> What you are asked to do:
Before returning the data, strip out the pictures and keep everything else exactly the same.

====== Exercise data

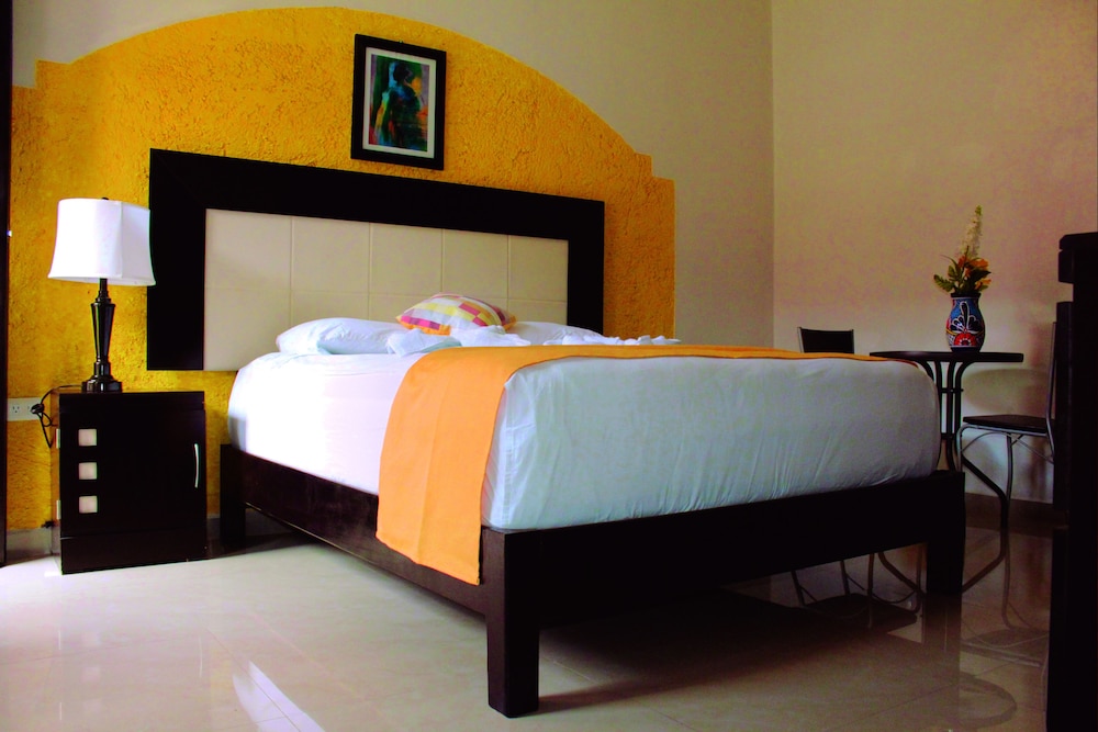 Lovely little Mexican style hotel. It was ver comfortable and fairly quiet. We stayed in a suite that had a king bed, a couch, fridge and a coffee maker. There was a garden in the court yard with a pomello tree with fruit! We really enjoyed our stay.
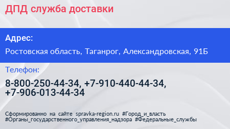 ДПД, служба доставки по адресу Ростовская область, Таганрог, Александровская, 91Б в дальнейшем Организация, размещена в следующих категориях:
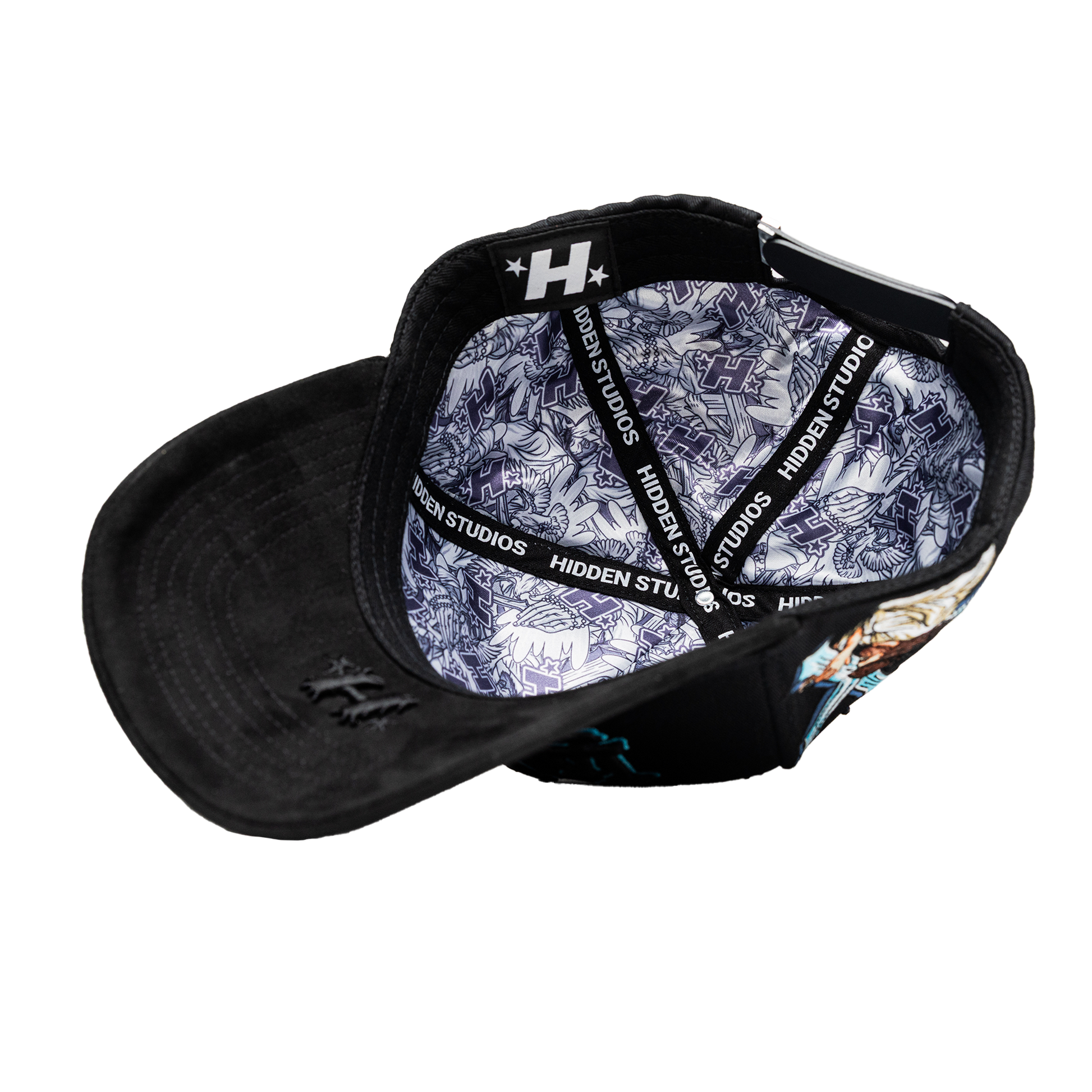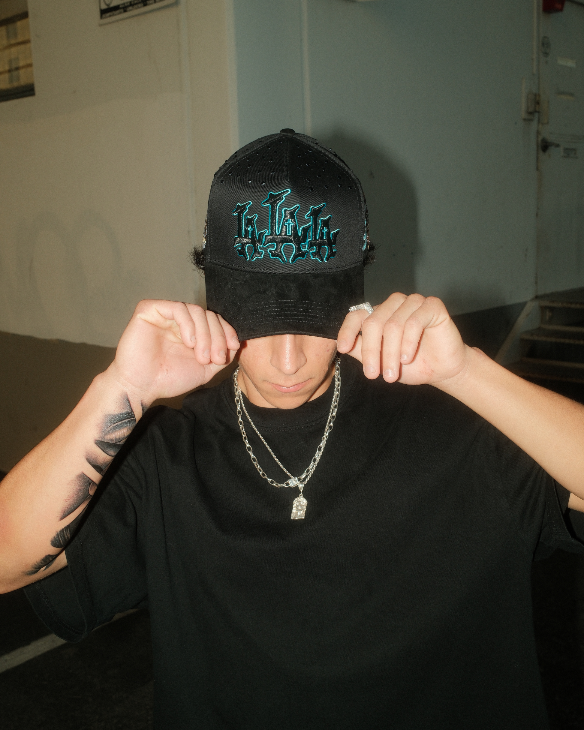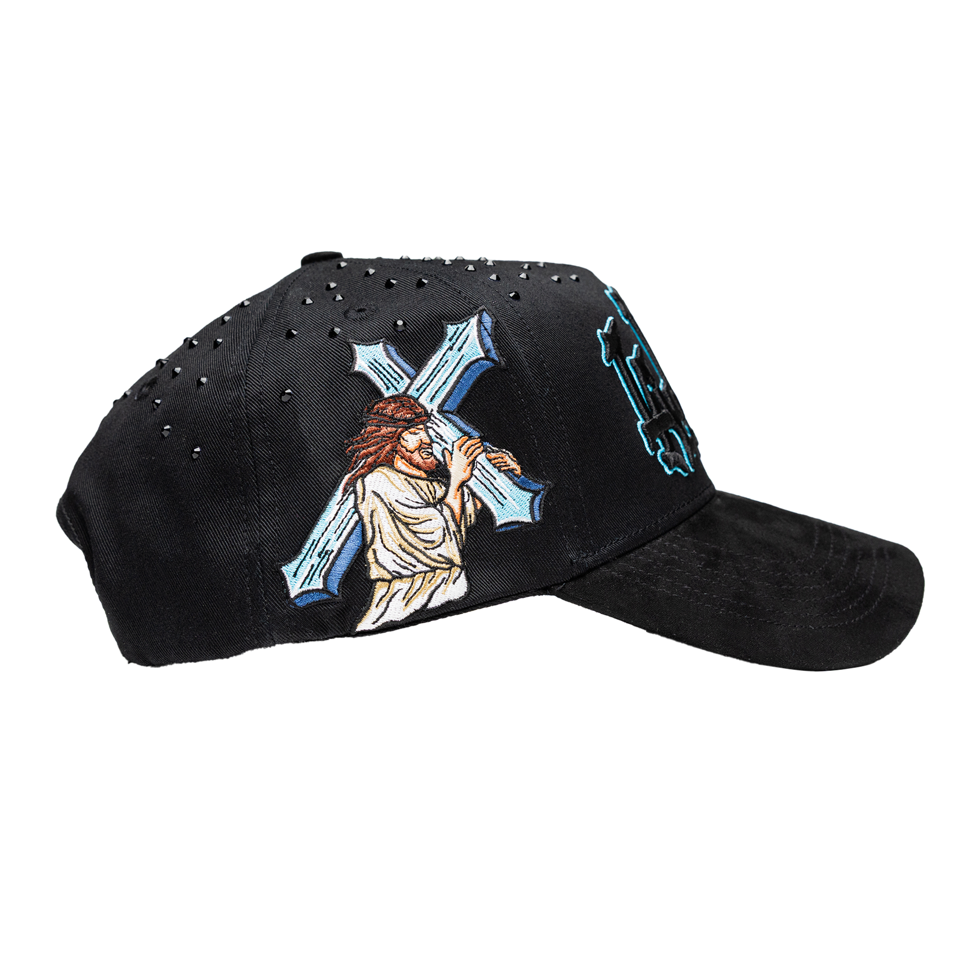 Details: Black in color, gemstones, 3D embroidery, black under visor, black sweatbands
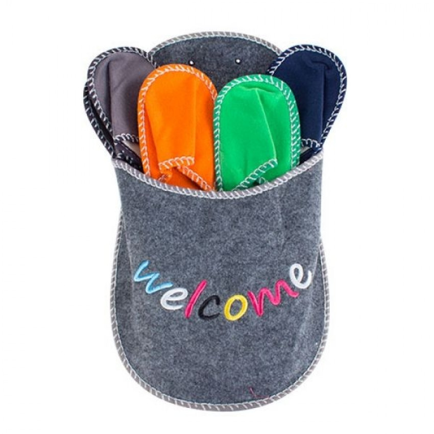 Přidejte do svého vstupního prostoru jedinečný a originální prvek, který poskytne pohodlí vašim hostům hned při vstupu. Sada obsahuje 4 páry pantoflí ve vybraných barvách a jednu extra velkou pantofli, která slouží jako kapsa na menší pantofle.

============

> Response to the exercise:
 Lovely little Mexican style hotel. It was ver comfortable and fairly quiet. We stayed in a suite that had a king bed, a couch, fridge and a coffee maker. There was a garden in the court yard with a pomello tree with fruit! We really enjoyed our stay.
 ДПД, служба доставки по адресу Ростовская область, Таганрог, Александровская, 91Б в дальнейшем Организация, размещена в следующих категориях:
 Details: Black in color, gemstones, 3D embroidery, black under visor, black sweatbands
 Přidejte do svého vstupního prostoru jedinečný a originální prvek, který poskytne pohodlí vašim hostům hned při vstupu. Sada obsahuje 4 páry pantoflí ve vybraných barvách a jednu extra velkou pantofli, která slouží jako kapsa na menší pantofle.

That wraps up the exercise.